Trump’s first-term energy policy, Rabe said, revolved a lot around coal. But that did not change coal’s overall trajectory.

Nearly 40 percent of the U.S. coal fleet shut down during the past 10 years, EIA figures show. About 48 gigawatts of coal capacity shut down between 2017 and 2020, the highest four-year total among the Obama, Trump and Biden administrations.

With gas, Trump has a lot more to work with. The United States has the world’s fifth-largest gas reserves. And people want it. The International Energy Agency forecasts natural gas demand growth will accelerate in 2026, sending total demand to an all-time high.

In promoting gas, Trump is ignoring the pleas from scientists who say the continued burning of fossil fuels threatens more climate change-fueled disasters. In fact, he’s thwarting efforts to study and reduce the effects of climate change.
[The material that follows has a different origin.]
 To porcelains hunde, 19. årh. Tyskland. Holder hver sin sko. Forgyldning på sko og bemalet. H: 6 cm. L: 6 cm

Environmentalists say that by encouraging the construction of fossil fuel infrastructure designed to last decades, he is increasing the world’s dependence on them as an energy source.
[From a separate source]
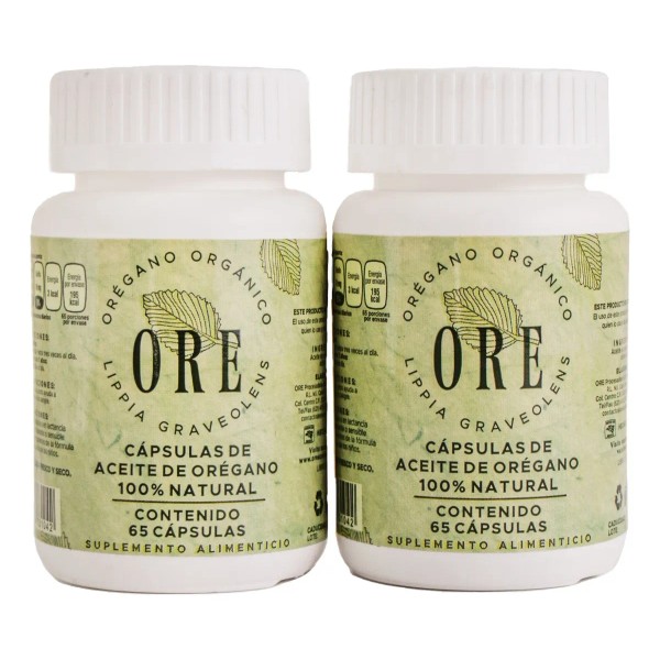 El Aceite de Orégano ORE en cápsulas es un suplemento natural altamente valorado por sus potentes propiedades antibacterianas, antivirales, antifúngicas y antioxidantes. Este kit incluye 2 frascos con 65 cápsulas cada uno, ideal para uso continuo o en familia.

Trump’s critics question whether his pro-gas policies will even accomplish his goals. Gas alone, they argue, cannot meet all of the nation’s power needs, particularly as data center demand increases.

“Gas just can’t fill some of these gaps,” said Talia Calnek-Sugin, a senior policy advocate at the Natural Resources Defense Council.

She said it can take 18 months to build a data center but four times that long to build a gas-fired power plant because of shortages in turbines and workers. Renewable energy would be cheaper and faster, she said.

But if renewables really are cheaper and faster, the Baker Institute’s Medlock said, project developers will turn to them instead of gas. That’s true, he said, even without the renewable subsidies revoked by the Republican megalaw that Trump signed last month.

Next 18 months

Trump has gone beyond simply canceling incentives. His Interior secretary, Doug Burgum, is demanding secretary-level approval for any renewable projects on federal land, an extra layer of bureaucracy that could slow approvals. And an order Burgum issued last week targeted wind and solar, suggesting that no such projects are acceptable for federal land.

And Trump even temporarily halted work on a large wind energy project off the coast of New York amid efforts to push state officials to approve two new gas pipelines.

Oil and gas companies have complained for years about bureaucratic hurdles for energy projects like pipelines. And Trump swiftly took a machete to them upon taking office with a barrage of executive orders and declaration of an energy emergency.

Trump’s return to power has spurred optimism among the companies that build and operate big gas transmission pipelines. Amy Andryszak, CEO of the Interstate Natural Gas Association of America, which represents those companies, said member companies have received “a record number of proactive inquiries” from potential customers in recent months.

“A number of members are already announcing new or revived pipeline projects,” Andryszak said in an emailed statement. She expects more will seek federal approval “over the next 18 months.”

But experts have cautioned that Trump’s administrative moves could backfire and slow projects, if judges determine that his administration let developers skirt environmental laws. Energy advocates say any progress on permitting is temporary and fragile until Congress can pass permanent laws changing the process.

That’s what manufacturers want, said Paul Cicio, president of the Industrial Energy Consumers of America. And he thinks Congress can get it done this year.

“There is an understanding on the part of both parties that our grid is inadequate for the demand,” Cicio said, “whether the demand is for data centers or homeowners or for manufacturers.”

In addition to supporting a streamlined permitting process, Cicio is one of the loudest voices warning about the potential effect of LNG exports on consumer prices. He says more exports mean less supply for customers in the United States. Data centers are another strain.

“We’re concerned that that demand is growing faster than natural gas pipeline capacity,” Cicio said.